Open namhainguyen2803 opened 1 month ago

namhainguyen2803 commented 1 month ago

Hi, I have some questions concerning about the experimental settings:

  1. In train_flow.py, the default of number of epoch ("niter" I suppose) that the authors set is 20.000 epochs, but in paper, the authors claimed 200.000 steps, which is conflict. Moreover, the argument "bs" which I believe it is "batch-size" is set to 96, but in paper, the authors set to 256 (I dont know how many gpus did the authors have used to train the model but I have used 4 NVDIA-A100 and it does not fit 256 at all, I have to reduce "bs" to 128)
  2. In the paper, the authors set to 50.000 data pairs, but in sample_flow.py, I dont see any "50000" keyword. Perharp the authors set the number of generating sample in lines: for i in range(200): x_gen_eval = model.gen_samples(new_x_chain(x, 64).shape, x.device, clip_denoised=False). I understand that the model will generate 200 times and 64 data each time, but it just has 64x200 data, not enough for 50.000 data.

I hope the authors will address my concern soon.

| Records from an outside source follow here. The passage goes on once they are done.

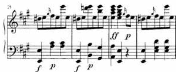
Ex. 39: Field, Sonata in A, Op. 1, no. 2, 2nd movement, bars 18–21

The second movement, due to its lively, more boisterous character, did not require as much use of pedal. In the first section I felt that dabs of pedal were effective on the many sudden forte , fortissimo or sforzando beats throughout the movement (see Ex. 39, bars 18–20).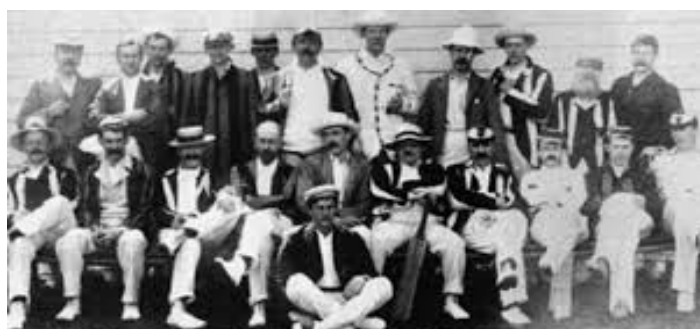
J.M. Barrie's cricket side, the Allahakbarries. There's no indication that Chesterton is present, though, curiously, the player seated third from the right, who is listed as J.M. Barrie in the photo, bears a passing resemblance to the young Chesterton!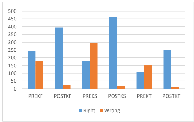
Figure 2: Shows Nurses Knowledge Pre- and Post- educational Program Domains.

PREF. = pre knowledge first domain, PRES. = pre knowledge second domain, PRET. = pre knowledge third domain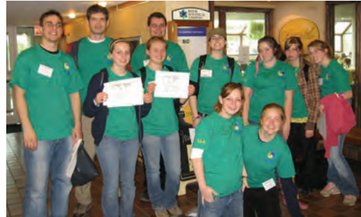
Local high school Environmental Club with their volunteer certificates

Over the last 11 years almost 30,000 students have taken part in the Earth Day Hamilton Eco-Festival. It is one of the largest Earth Day celebrations in Canada. The Eco-Festival is organized by a volunteer committee and a part-time paid coordinator and depends on its army of volunteers to make this day a success. A group of enthusiastic student volunteers and teachers from a local High School made wonderful role models for the grade 4,5,6 elementary students attending the event.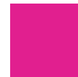
PANTONE RHODAMINE RED C C 5 R 231 M 97 G 0 Y 0 B 148 K 0 E70094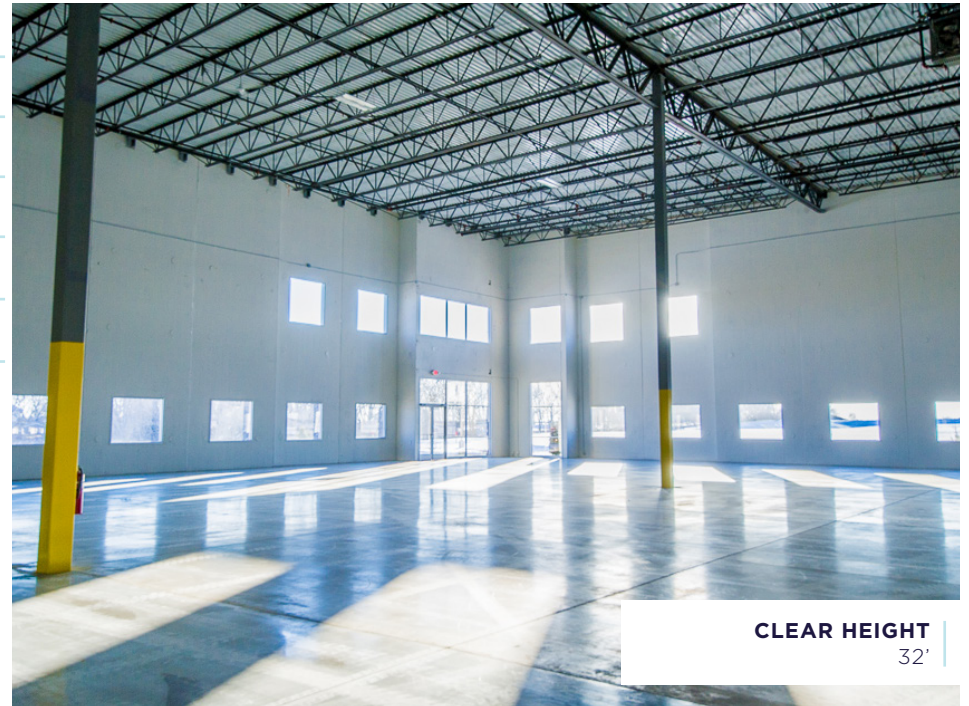
CLEAR HEIGHT 32'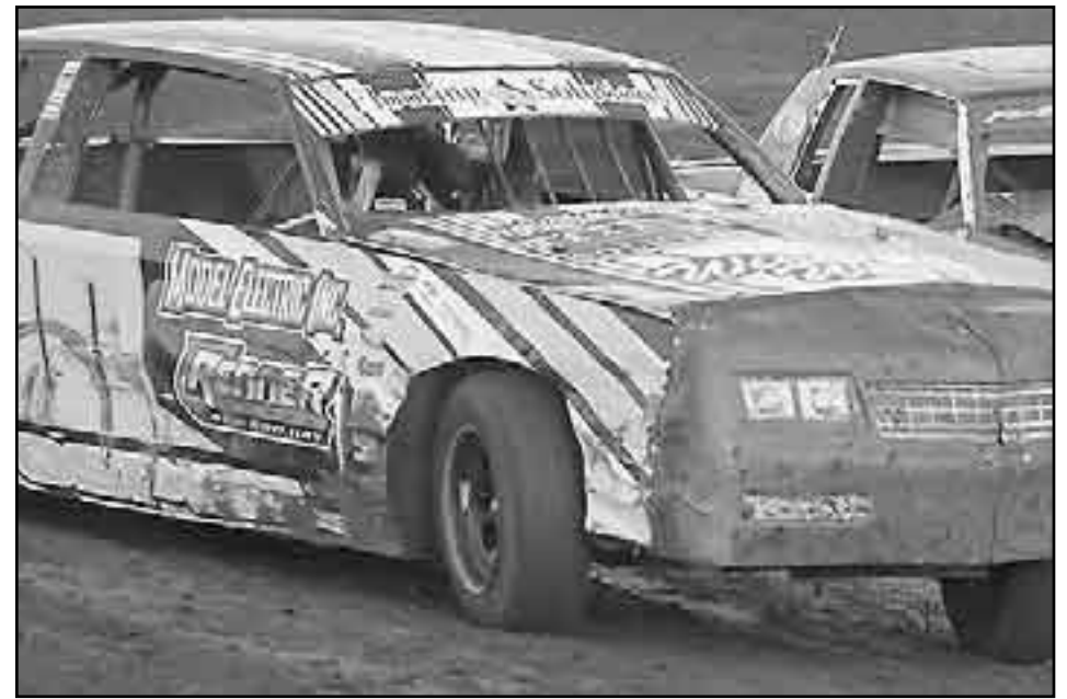
Saturday, August 24, 2019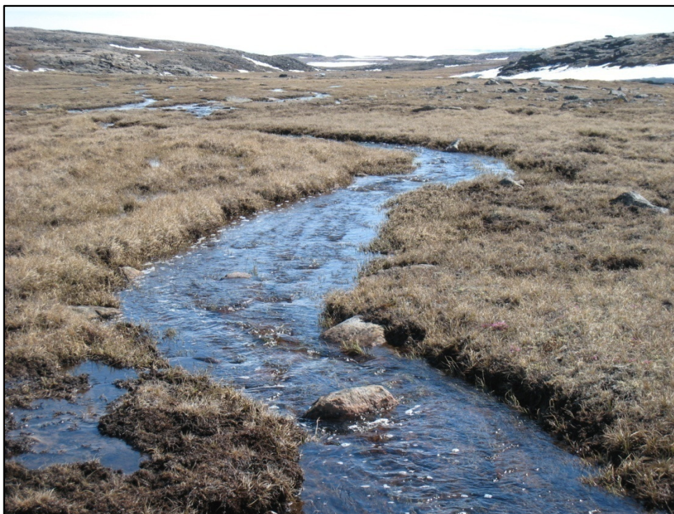
Photo 24 Stream reach downstream of CRS-6 crossing site with defined channel, note bedrock ridges to east and west; south aspect.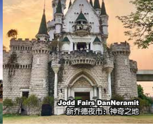
Jodd Fairs DanNeramit 新乔德夜市: 神奇之地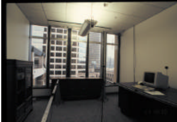
Figure 1. Overcast conditions.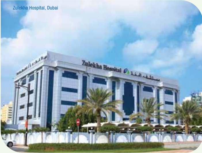
Zulekha Hospital, Dubai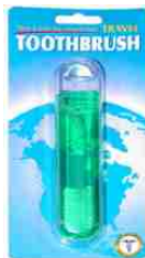
Hh-055 Travel Toothbrush 6.25"t x 3"w x .75"d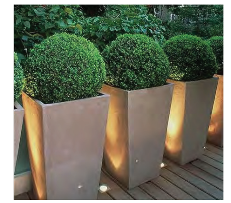
Storefront planters are designed to improve the consistency and visual aesthetics of the shopping center.

dreamcubeblock commented 3 weeks ago

I successfully reproduced the code (but not as well as in the paper), my suggestion is to set the experimental parameters according to your computational resources, I don't think it will have much impact on the final result, 100 epochs basically gives better results, in his reply to me he said that he suggests to sample the same number of pairs as the dataset and train the same number of epochs as the flow in the reflow epoch

Mike001-wq commented 2 days ago

I successfully reproduced the code (but not as well as in the paper), my suggestion is to set the experimental parameters according to your computational resources, I don't think it will have much impact on the final result, 100 epochs basically gives better results, in his reply to me he said that he suggests to sample the same number of pairs as the dataset and train the same number of epochs as the flow in the reflow epoch

How much GPU memory is needed?

dreamcubeblock commented 2 days ago

i used one V100 about 24GB, but i have generated 4096 points so if you generate less than that it shouldn't take that much.